Momen Sejarah Marsinah (3)

Dan kemarin, seorang Yudi Latif menuliskan risalah politik: perusakan Pencapaian. Analisanya memperlihatkan gambaran di atas, berikut ini ringkasan cuplikan tulisannya di kompas

Tibalah kita pada momen sejarah yang memilukan: menghancurkan kembali apa yang telah susah payah diperjuangkan. Betapa cepat kita mendaur ulang kekeliruan masa lalu. Kita perjuangkan reformasi dengan misi besar membasmi korupsi, kolusi, dan nepotisme atau KKN. Sekarang, begitu tega kita lumpuhkan kembali Komisi Pemberantasan Korupsi atau KPK dengan berbagai modus dan kita hidupkan kembali watak negara patrimonial, dengan tendensi kolusi dan nepotisme yang pekat, hingga kemunculan arogansi politik yang menempatkan negara seolah milik orang per orang yang bisa diatur dan dikuasai sesuka hati.

Kepada siapa rakyat percaya kala politik berhenti sebagai pariwara. Janji-janji dijulurkan lidah sedepa, tetapi realisasi terhenti sebatas rencana. Para pemimpin datang dengan niat mulia, tetapi berakhir dengan membuat kecewa; mulai mengemudi dengan menyalakan lampu sein ke kiri, tetapi di persimpangan berbelok ke kanan. Penguasa silih berganti, tetapi politik di negeri ini hanya punya satu rencana: rencana berkhianat. Segala cara dilakukan asal dapat merebut dan mempertahankan kuasa. Elite politik tak pernah mau belajar. Mereka boleh berdusta sekali waktu bagi sebagian orang, tetapi tak bisa sepanjang waktu bagi semua orang. Akan selalu ada arus balik gelombang pasang karena tidak semua orang mau bersekutu dengan kejahatan.
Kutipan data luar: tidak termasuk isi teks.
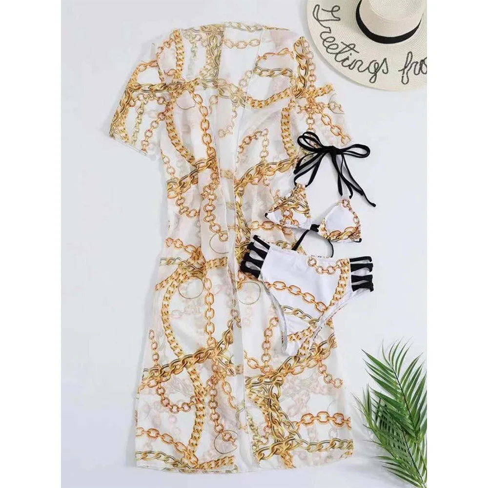 Новое поступление 2022, женская накидка с золотой цепочкой, купальн...

Sudah cukup lama demokrasi reformasi berlangsung di tempat kita, tentang kita, tetapi tanpa kita. Kata demokrasi jadi mantra.

Gelombang pasang dalam bentuk penguatan dinasti politik di Indonesia saat ini sebagian merupakan cerminan dari lemahnya penerapan prinsip demokrasi. Sebagian lain dapat dipandang sebagai ”puncak gunung es” dari meluasnya kesenjangan sosial dalam masyarakat. Bahwa perkembangan demokratisasi politik selama ini tidak diikuti oleh proses demokratisasi di bidang ekonomi.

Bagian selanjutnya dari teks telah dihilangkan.